So we just went from policy gradient to actor critic just like that. This is the simplest form of it. But let's think about what just happened. So if I do have an estimate of my value function, I have an estimate of my cost to go from every state. Right? Then that helps me make a policy gradient update. Because if I run a single trial, then I can compare the reward I expected to get with the reward I actually got very compactly. OK?
So this is the reward I actually got. I run a trial, one trial. Even if it's noisy with my perturb parameters, I change my parameters a little bit. I run a trial. And what I want to efficiently do is compare it to the reward I should have expected to get, given I had the parameters I had a minute ago. Right? That's nothing but a value function right here. OK?
So the simplest way to think about an actor critic algorithm is go ahead and use a TD learning kind of algorithm. Every time I'm running my robot, go ahead and work on in the background learning a value function of the system. And simply use that to compare the samples you get from your policy search. Do you guys remember the sort of weight perturbation type updates enough for that to make sense? Yeah?

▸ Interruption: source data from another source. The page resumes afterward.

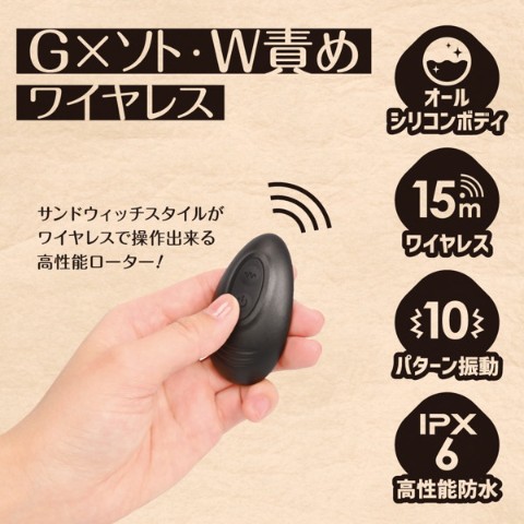 Gとソト、どっちも同時責め出来るシリコンワイヤレスローター。中と外を挟み込むようなサンドウィッチスタイルにWモーター搭載。10パターンの振動を最大15M(※使用環境により大幅に増減します。)のワイヤレス操作が可能です。ローター本体はオールシリコンボディでIPX6の高性能防水性能だからしっかり洗えて衛生的に遊べます。精密設計による静音振動で周りを気にせずストレス無く楽しんで頂けます。リチウムイオンバッテリー搭載で満充電90分で最大60分使用可能(※使用環境により大幅に増減します。)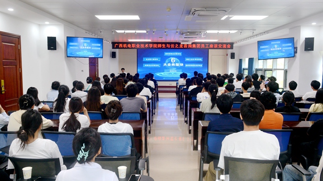 2025年5月8日,廣西機電職業(yè)技術(shù)學(xué)院工程造價專業(yè)近百名師生走進云之龍咨詢集團,開啟了一場別開生面的職業(yè)探索之旅。校企雙方以"理論+實踐"為紐帶,通過沉浸式參觀、行業(yè)大咖分享、互動研討等環(huán)節(jié),為青年學(xué)子搭建起從課堂到職場的"成長階梯"。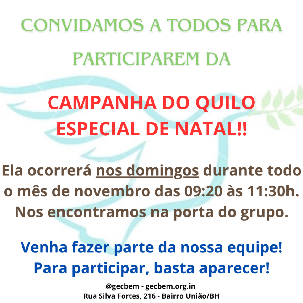 15:30 às 17h – Todo segundo sábado do mês é realizada a evangelização e distribuição de cestas básicas para as famílias cadastradas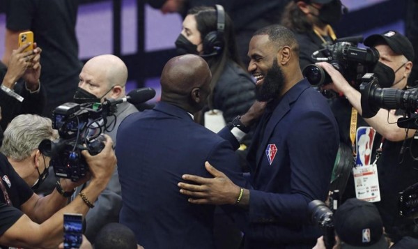 2022年克利夫兰全明星赛上,两人作为“75大巨星”代表在镜头前拥抱。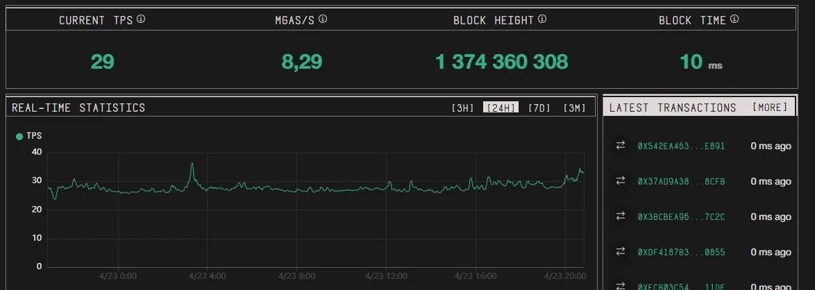 MegaETH позиционируется как «блокчейн реального времени», стремится к пропускной способности в 100 000 TPS и практически мгновенной финализации транзакций. Однако текущие среднесуточные показатели составляют около 30 TPS.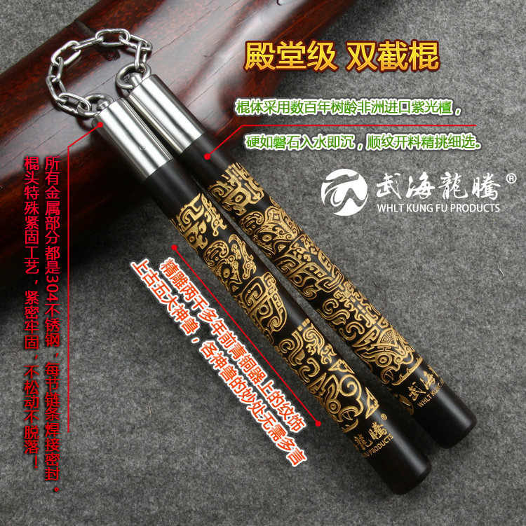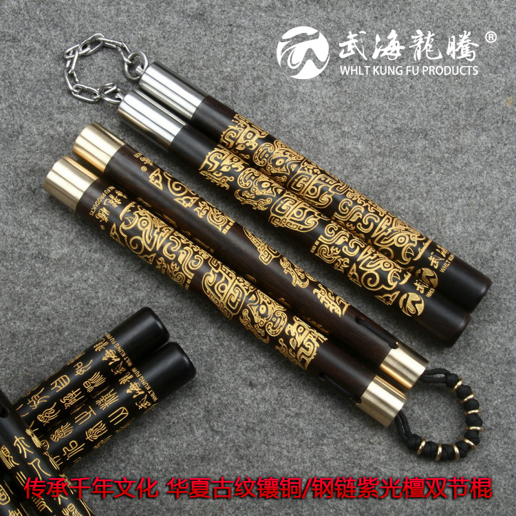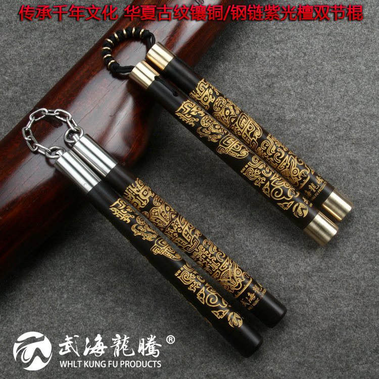 Wu Hailong Teng engraving Hua Xia Guven Purple Light Sandalwood Solid Wood Double-section sticks black sandalwood with two sticks of two-section sticks
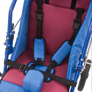 - Ремень безопасности: Кресло-коляска оснащена плечевыми ремнями безопасности.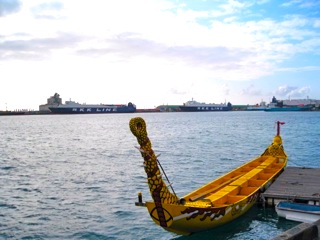 出廷を静かに待つ爬竜船(はりゅうせん)で。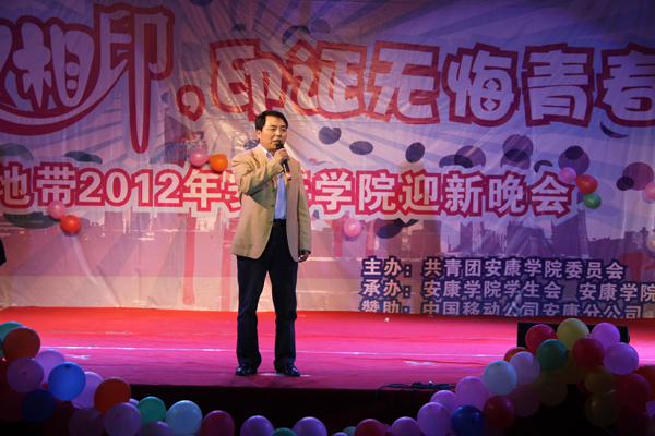 10月12日、14日,我校在江南和江北校区举行“新心相印,印证无悔青春”迎新晚会。学校党委副书记胡鸿晓、党委宣传部、学工部、保卫处、就业处等相关部门领导及各系党总支书记分别在江南校区和江北校区与2012级新生齐聚一堂,共同欣赏了节目。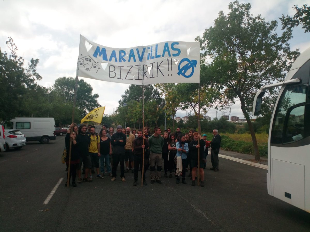 Varios colectivos y organismos tanto sociales como políticos se han adherido a la movilización en la que se ha insistido en lemas como «Okupazioa delitua bada, gora delinkuentzia» (si la ocupación es delito, viva la delincuencia) o «Maravillas aurrera» (adelante Maravillas).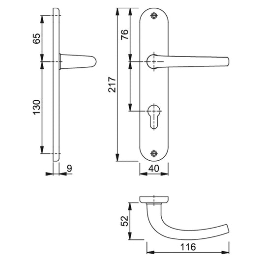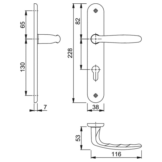 Maniglia Hoppe Tokyo con placca interasse 85 mm foro cilindro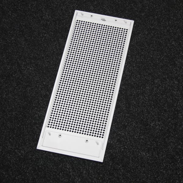 Между двух деталей вставляется пылевой фильтр, который размещается в пазах. Поверх пылевого фильтра установлена стальная перфорированная лицевая панель, которая фиксируется при помощи шарообразных распорных элементов, ответные части для которых находятся в двух пластиковых деталях основания передней панели, а также похожих по конструкции пластиковых элементов, находящихся на деталях основания передней панели.

STUDENT: So in this case, that [INAUDIBLE] into your system but just through some expectation.
RUSS TEDRAKE: Excellent. That's where you're getting it. From temporal difference learning. In the case of a stochastic system, where both of these are going to be noisy random variables, this actually can be better than running it twice. Because this is the expected value accumulated through experience. Right? And that's what you really want to compare your noisy sample to the expected value. So in the stochastic case, you actually do better by comparing it to the expected value of your update.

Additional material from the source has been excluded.